Atâ/atıyye; zengin bir kimsenin, hizmet karşılığı olmadan bir insana verdiği bağış, takviye ve hibe anlamına da gelir.
Sözlükte “bağışlama, hîbe, atıyye, ihsan verme ve verilen şey” anlamına gelen atâ, Kur’ân’da dört âyette geçmiş ve lütuf, ihsan ve bağış anlamlarında kullanılmıştır Hûd, 11/108; İsrâ, 17/20; Yâsin, 36/39 ve Nebe 78/36. Atâ, atıyye çoğulu atâya ile eşanlamdadır.
Hz. Ömer r. a.; harac, cizye, ganimet ve ticaret mülklerinden alınan ödentiler fey ile zekat kazançlarından kurduğu divan teşkilatı taşıtıyla senede bir kere müslümanlara verdiği paraya atâ/atıyye demiştir. Atıyyelerin dağıtımını Medine’de bizzat Hz. Ömer’in kendisi üstlenmiş, öteki bölgelerde ise bu misyonu âmillere vermiştir.
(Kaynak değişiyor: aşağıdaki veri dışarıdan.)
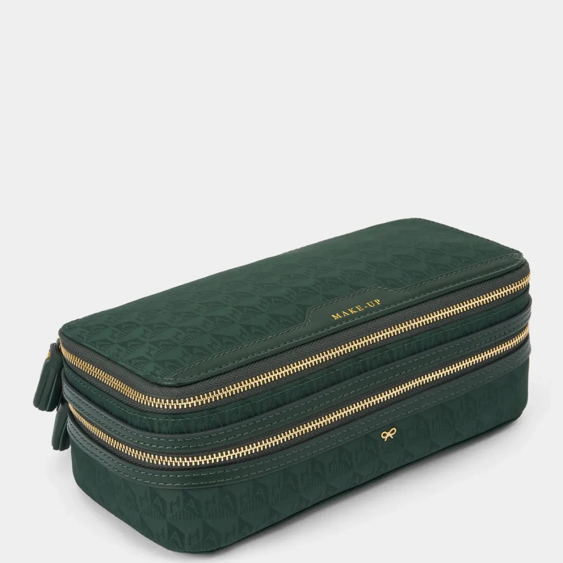 - External features: Leather trims, MAKE-UP embossed label, signature Anya Hindmarch bow, leather tassel zip pulls
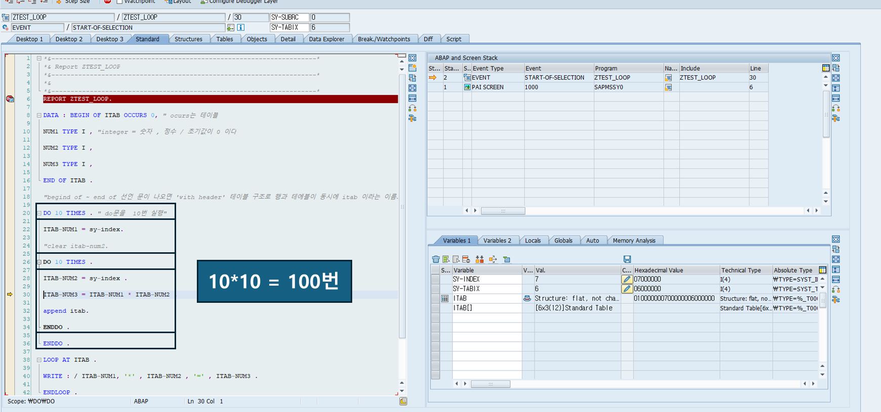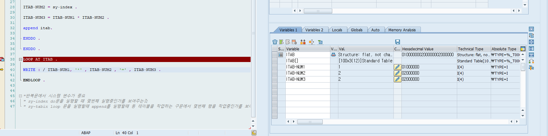 - sy-index : do문 실행할 때 몇번째 실행 중인지

Bölgelerdeki kabileleri iyi tanıyan arif, nakîb ve emin unvanındaki misyonlular, atıyyeleri konutlara kadar götürüp sahiplerine vermişlerdir.
Daha sonraki devirlerde atıyyeler, halifelerin seçim ettiği belli kimselere tahsis edilmiştir. Meselâ Abbasiler döneminde Hz. Ali ve Hz. Abbas soyundan gelen bazı aileler ile askerliği iş edinenlere verilmiştir.